Case 3 (segment < tw): Often, a large number of segments are formed by observing packets within very short time intervals. Due to inaccuracies in timestamping packets at capture-time, data-items created over very small durations may introduce a large amount of noise into the learning engine. Consequently, we concatenate as many such short consecutive segments as needed to create one ACTIVE data-item that is tw seconds in duration (right data-item in Figure 5).
Thus every data-item contains system calls made over a period of tw seconds. For each data-item, we extract binary features determining whether a certain system call existed in it or not. In other words, we use one binary variable for every system call. Its value for the data-item is 1 if the application made the call in this data-item, and 0 otherwise. In addition to these binary features, we also use a feature to indicate the previous data-item’s state, that is, whether the data-item just prior to the current one was labeled ACTIVE or EOS. This parameter, which we call prev_state, helps us capture temporal characteristics in the call trace. We found this particularly useful in capturing rules in complex applications, as we explain in Section 3.5.
Using this procedure, from the traces, we therefore generate a set of data-items labeled ACTIVE or EOS. From these, the classifier learns rules in the form of boolean expressions. We provide two costs to the learning algorithm. The cost of misclassifying an ACTIVE data-item as EOS has two components: first, we specify the energy expended in shutting-down the radio and then bringing it up again. Second, we specify the corresponding signaling overhead of mis-predicting an EOS. The cost of misclassifying an EOS data-item as ACTIVE involves purely the energy cost of keeping the radio up when it could have been put into fast-dormancy.

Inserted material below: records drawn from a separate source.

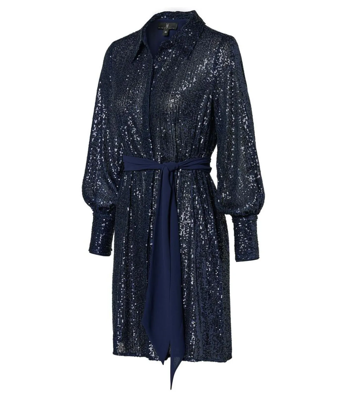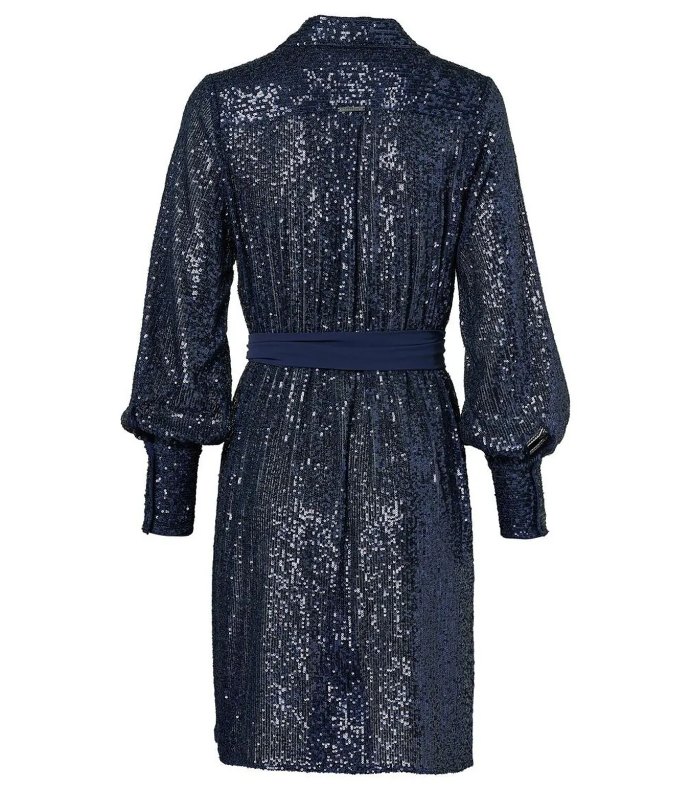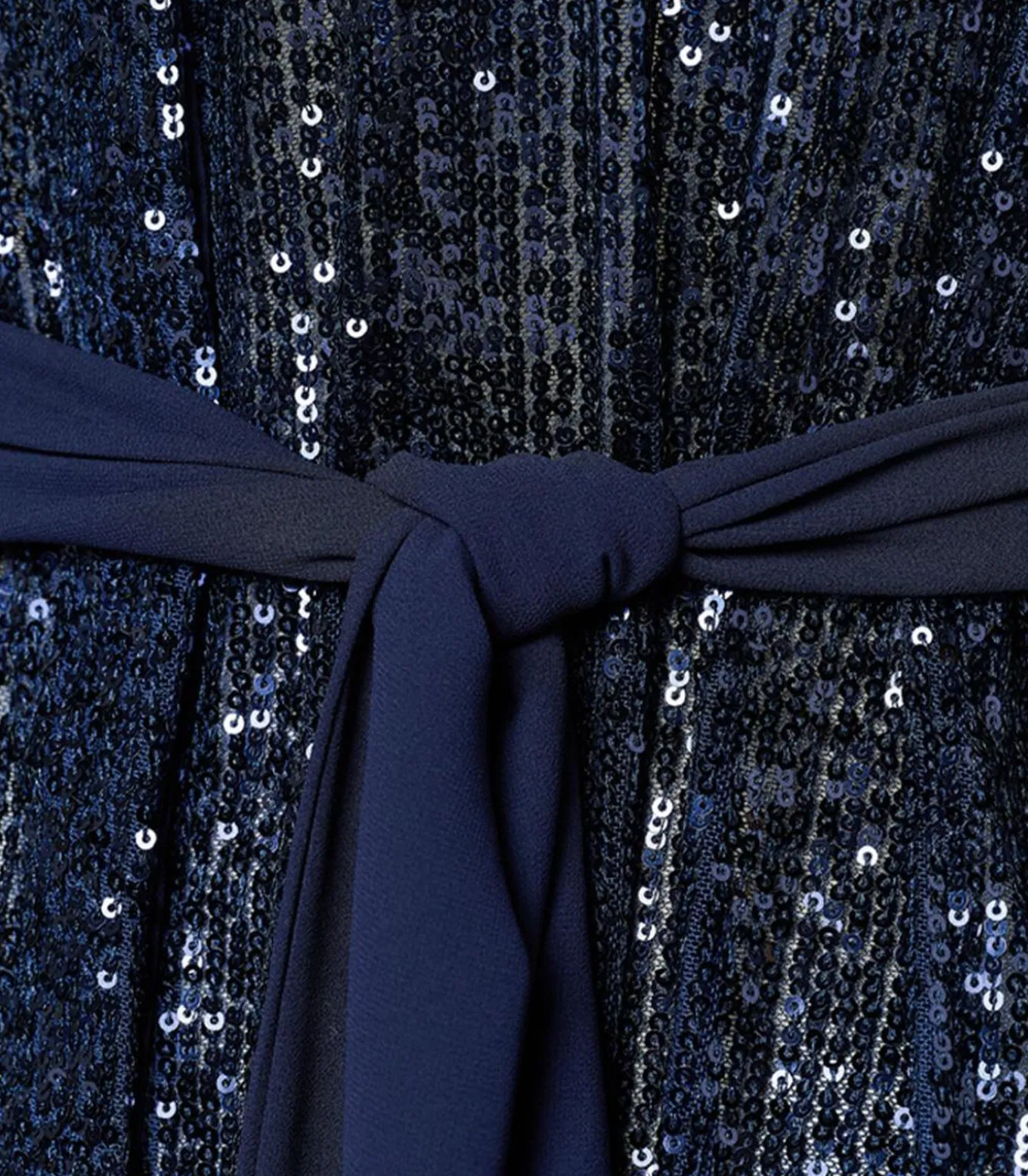 Maak een stijlvolle indruk met de navy pailletten tuniek, een ontwerp dat luxe en draaggemak samenbrengt. Het knielange model is rijkelijk versierd met glinsterende donkerblauwe pailletten die prachtig fonkelen op een diepe blauwtonige basis. De soepele pasvorm zorgt voor een elegante, comfortabele uitstraling. De taille kan verfijnd worden geaccentueerd met een donkerblauw strikceintuur in contrasterende stof, dat gemakkelijk verwijderd kan worden voor een meer ontspannen look. De lange mouwen met aangesloten manchetten en een licht pofeffect geven de tuniek een moderne, vrouwelijke twist. De blinde knoopsluiting en losse slip–onderjurk zorgen voor extra draagcomfort. Met zijn subtiele glans en knielange lengte is dit een veelzijdig kledingstuk dat perfect past bij chique diners, feestelijke gelegenheden en avondelijke events.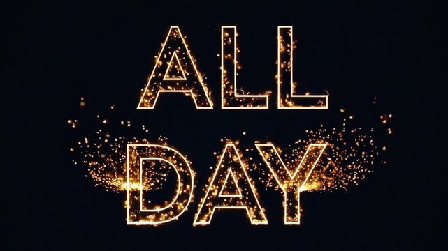 All Day word art on a dark background: The image presents the words ALL DAY in a captivating, fiery font style, surrounded by a glittering halo of sparks against a dark, enigmatic backdrop.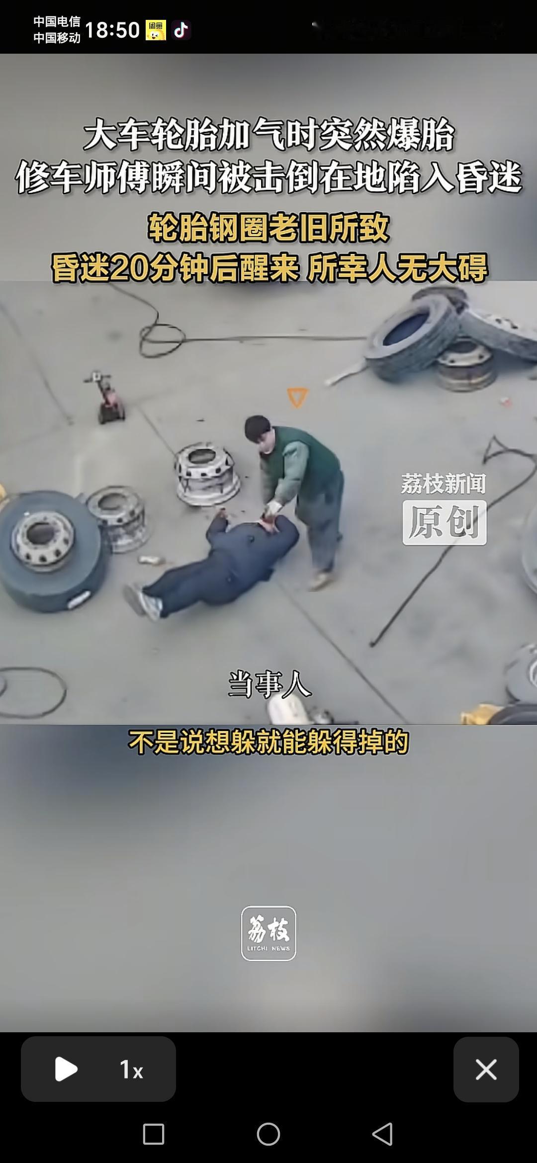 江苏宿迁一位修车师傅给轮胎打气时突然爆炸,人都被炸倒在地上。师傅说轮胎钢圈有问题,而且轮胎老旧的原因,人晕倒在地上之后20分钟醒过来了,幸亏是没什么大问题。修车师傅还表示,本身这一个行业就是属于高危的职业,有时候想躲还躲不了。很多网友都分享了身边修车师傅发生的意外。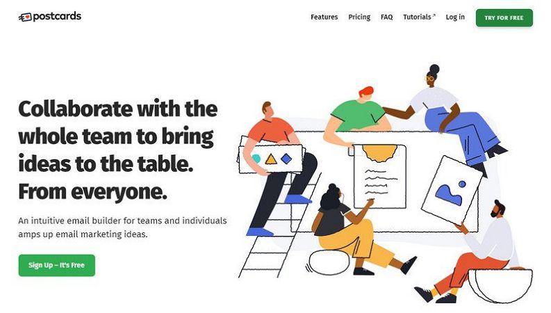 Как и в предыдущем примере, команда, стоящая за Postcards, использует пользовательские иллюстрации, в которых люди выходят на первый план. Они предпочли безликий подход, неидеальные силуэты и даже некоторые причудливые и забавные черты. Все эти несовершенства приближают визуальные эффекты и делают их более привлекательными для онлайн-читателей. Кроме того, динамическая составляющая едва заметна, но она все же добавляет к общему впечатлению.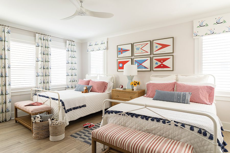 In the second-floor bedroom, Zeller chose a Katie Ridder drapery fabric with sailboats and bright red accents. “It’s so happy and manages to maintain a sense of sophistication while being fun and youthful.”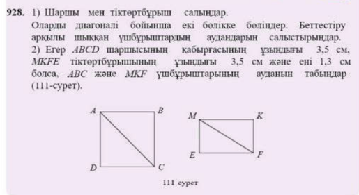 5.3.2.1 фигураларды қию және құрастыру арқылы есептер шығару. |
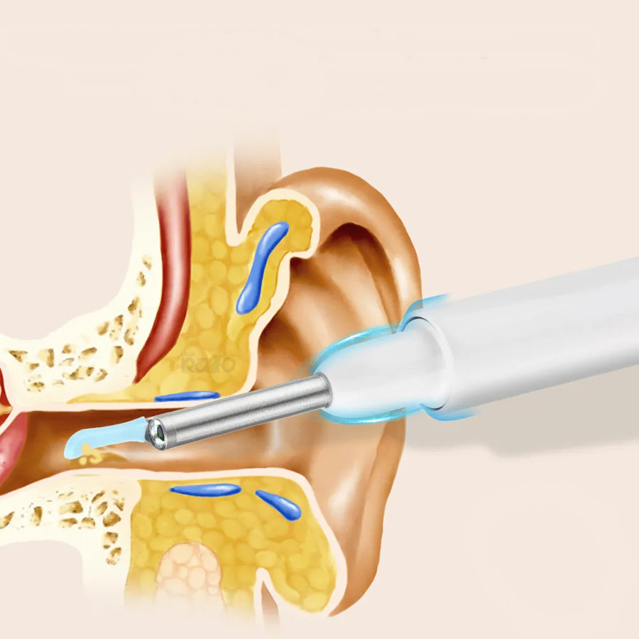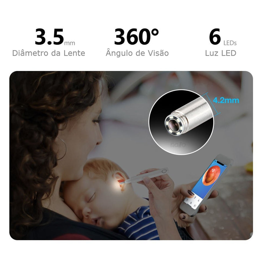 O otoscópio sem fios, possui uma lente angular de 360º, permitindo uma cobertura total para ajudar a remover a cera do ouvido com mais facilidade.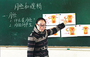 Wu Ling, a sex education teacher at Xingzhi Primary School in Beijing's Daxing district, teaches her students about women's bodies and menstruation.Photos By Zou Hong / China Daily |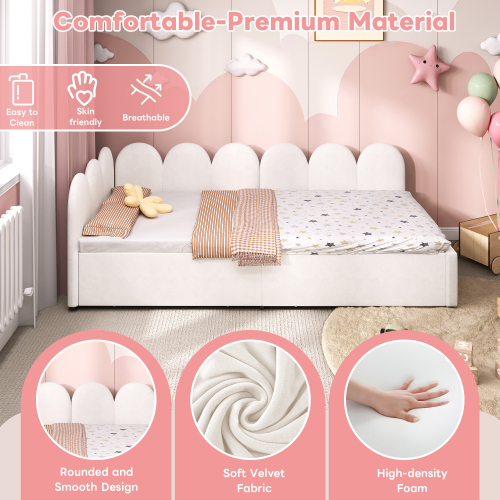 - [Rounded and smooth design] With its beautifully curved edges, this daybed combines style and safety. The smooth, rounded contours not only enhance its modern aesthetic but also help prevent accidental bumps and injuries, making it an ideal choice for families with children or pets.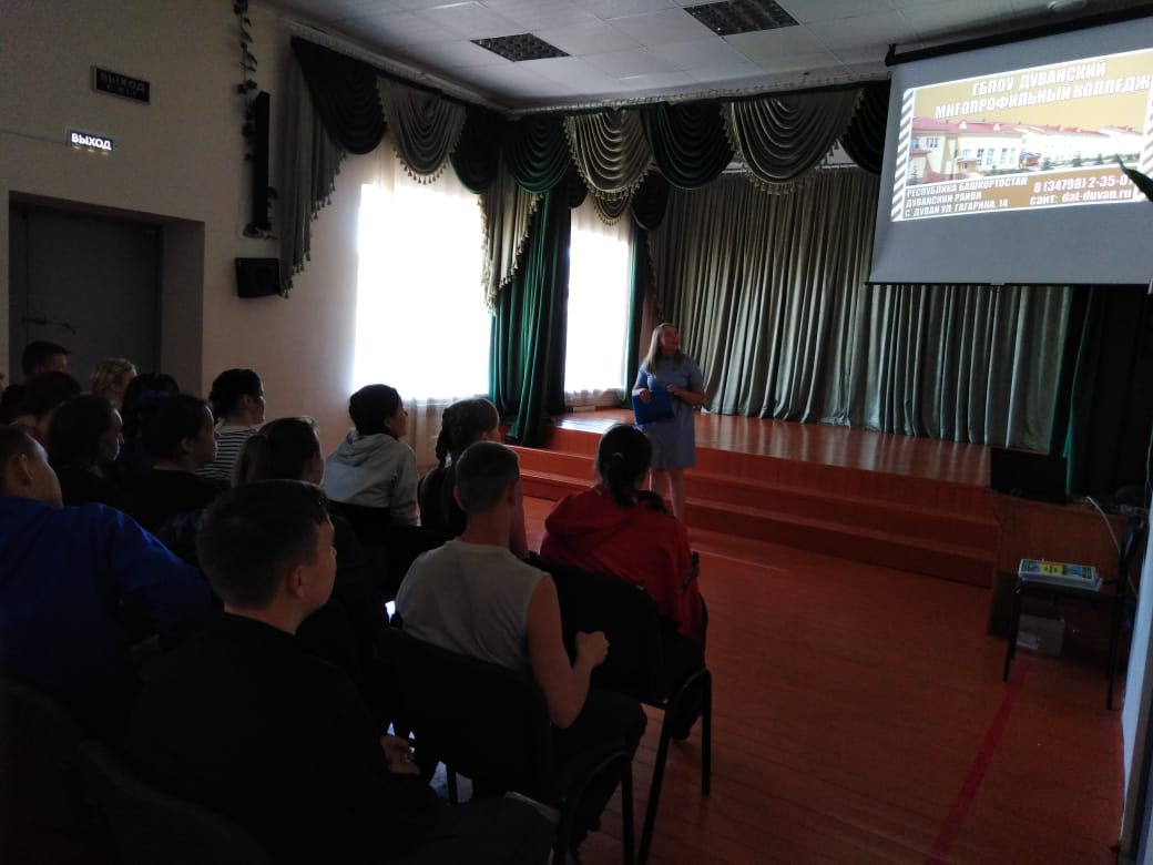 28 мая 2021 года в рамках профориентационной работы в школе организована встреча с представителями ГБПОУ Дуванского многопрофильного колледжа и обучающими 8-10 классов, на которой ребята узнали о истории колледжа, рассказали о специальностях, по которым готовят учащихся, условиях поступления. Для детей с ограниченными возможностями здоровья организовано обучение по специальности "Садовник".

Figure 6a shows the tree learned for the gnotify application running on a Windows 7 system. The gnotify application periodically polls gmail and pops up a message when there is a new email (more elaborate results are shown in Section 5). The system call trace used to learn this tree was 5 minutes long. Every path from root to leaf yields one boolean expression. Consequently, the rules that the classifier learned for gnotify are listed in Figure 6b.
The numbers in parenthesis next to each rule are the number of data-items that contribute to learning that rule. They indicate that the first two rules have much higher confidence than the third rule. The DispatchMessage system call dispatches an inter-thread message to a specified window procedure in the GUI thread, while the send call is used to send data out on a socket. Hence this set of rules indicate that, at run-time, in a data-item, if no DispatchMessage is seen, the session is ACTIVE and therefore we should not invoke fast-dormancy. However, if DispatchMessage is seen and send is not seen, the rules predict an EOS, and therefore we should invoke fast dormancy. If DispatchMessage is seen and send is seen, then the session is still ACTIVE, and the radio should stay on.
It is easy to see why the send call appears in the rules since it directly results in network activity. Learning the DispatchMessage call is, on the other hand, not as obvious. We believe that the classifier learns this call because gnotify, after polling the email server (i.e. at EOS), updates certain GUI artifacts (such as setting the last-checked-at message in the tool-tip of the application’s icon in the system tray), which registers as a causality between EOS and DispatchMessage.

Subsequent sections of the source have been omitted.